Tongue’s sour-sensing cells taste carbonation

Protein splits carbon dioxide to give fizz its flavor

The light, sparkly fizz of champagne owes its taste to the tongue’s sense of sour. New studies in mice reveal how the tongue tastes carbonation, solving an old puzzle of why some mountain climbers get the “champagne blues.”

FIZZ-TASTIC Studies in mice have shown the importance of an enzyme on certain taste cells in tasting carbonation. Here, sour-sensing cells and the enzyme light up a mouse tongue. J. Chandrashekar et al./Science AAAS 2009

Tasting fizz begins with a special protein that’s tethered to sour-sensing taste cells on the tongue, researchers report in the Oct. 16 Science. This protein, the enzyme carbonic anhydrase 4, splits carbon dioxide into bicarbonate ions and free protons, which stimulate the sour-sensing cells.

Scientists have long thought that the taste of carbonated beverages emerged from the physical bursting of bubbles on the tongue, says study author Charles Zuker, a neuroscientist now at Columbia University who did the work while at the University of California, San Diego. But bubbly drinks still taste distinctly carbonated when they are imbibed in a pressure chamber where bubbles don’t burst.

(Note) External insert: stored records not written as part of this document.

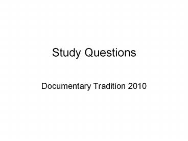 Study Questions Documentary Tradition 2010 Assignment # 1 Due: September 27 in class Define documentary mode: page paragraph -- double-spaced Agree or disagree ... – PowerPoint PPT presentation
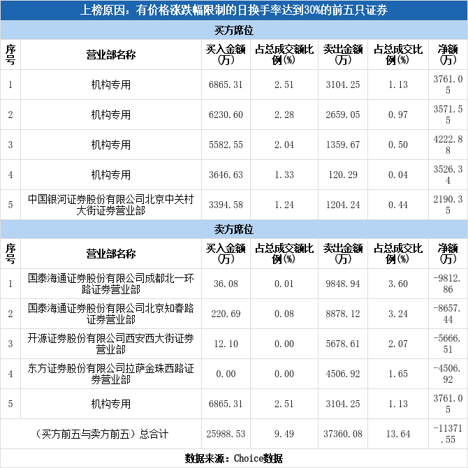 龙虎榜数据显示,今日共5个机构席位出现在龙虎榜单上,分别位列买一、买二、买三、买四、卖五,合计净买入1.51亿元,占该股今日总成交额的5.51%。除此之外还有神农种业、多氟多、海南海药等47只个股榜单上出现了机构的身影,其中23家呈现机构净买入,获净买入最多的是神农种业,净买额为4.85亿元;24家呈现机构净卖出,其中遭净卖出最高的为美埃科技,净卖额为1.37亿元。
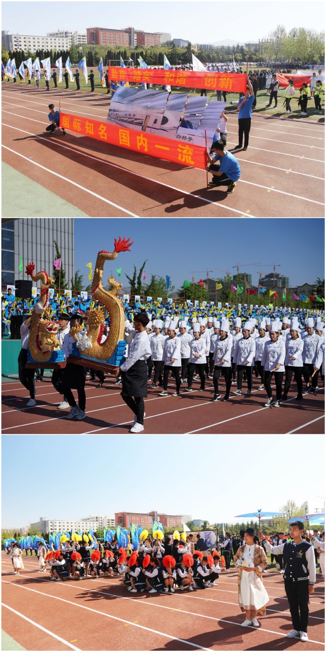 开幕式上,伴随着雄壮有力的《运动员进行曲》,各方队迈着整齐矫健的步伐、喊着铿锵有力的口号,精神抖擞、意气昂扬地走过主席台,接受学院领导和全院师生的检阅。

To understand how carbonation fits into the sensory repertoire, Zuker, Nick Ryba of the National Institute of Dental and Craniofacial Research in Bethesda, Md., and their colleagues measured nerve activity in mouse taste cells. When the rodents were given carbon dioxide in the form of club soda or gaseous CO2, their taste cells responded robustly to CO2.

The researchers then genetically engineered mice that were missing one of the five kinds of taste cell—sweet, salty, umami, bitter and sour. Taste-sensing nerves fired in response to carbon dioxide except in the “sourless” mice, pinpointing the role of the sour-sensing taste cells.

Combing through the genes that are turned on in sour-sensing cells, one “rose to the top,” says Zuker. It was the gene encoding carbonic anhydrase 4, one enzyme in an important class that helps maintain appropriate levels of CO2 and acidity in the body.

The researchers also dosed normal mice with a chemical that inhibits the enzyme. The chemical quashed the nerve-firing response to carbonation but didn’t eliminate it entirely. Some taste may have lingered because carbon dioxide’s protons also stimulate the trigeminal nerve, which doesn’t directly respond to taste but registers minor sensory irritants such as pepper or mint, says Alexander Bachmanov of the Monell Chemical Senses Center in Philadelphia.

Bachmanov calls the new work “elegant.” Taste “is a very challenging system to study,” he says. “Everything is very small but very complex.”

In the bigger picture, tasting carbonation may have allowed animals to sense CO2 produced in foods that had fermented or gone bad, akin to how bitter-sensing taste cells warn of potential toxicity, says Zuker.

Humans have turned this flavor into a pleasure—bottles of bubbly often kick off a celebration. But mountain climbers often pop a bottle at the peak and find that it tastes horrible, says Zuker. The new research suggests an explanation for these “champagne blues.” A drug that many climbers take to prevent altitude sickness inhibits the carbonic anhydrase enzyme. When taste cells don’t get their proton hit, champagne falls flat.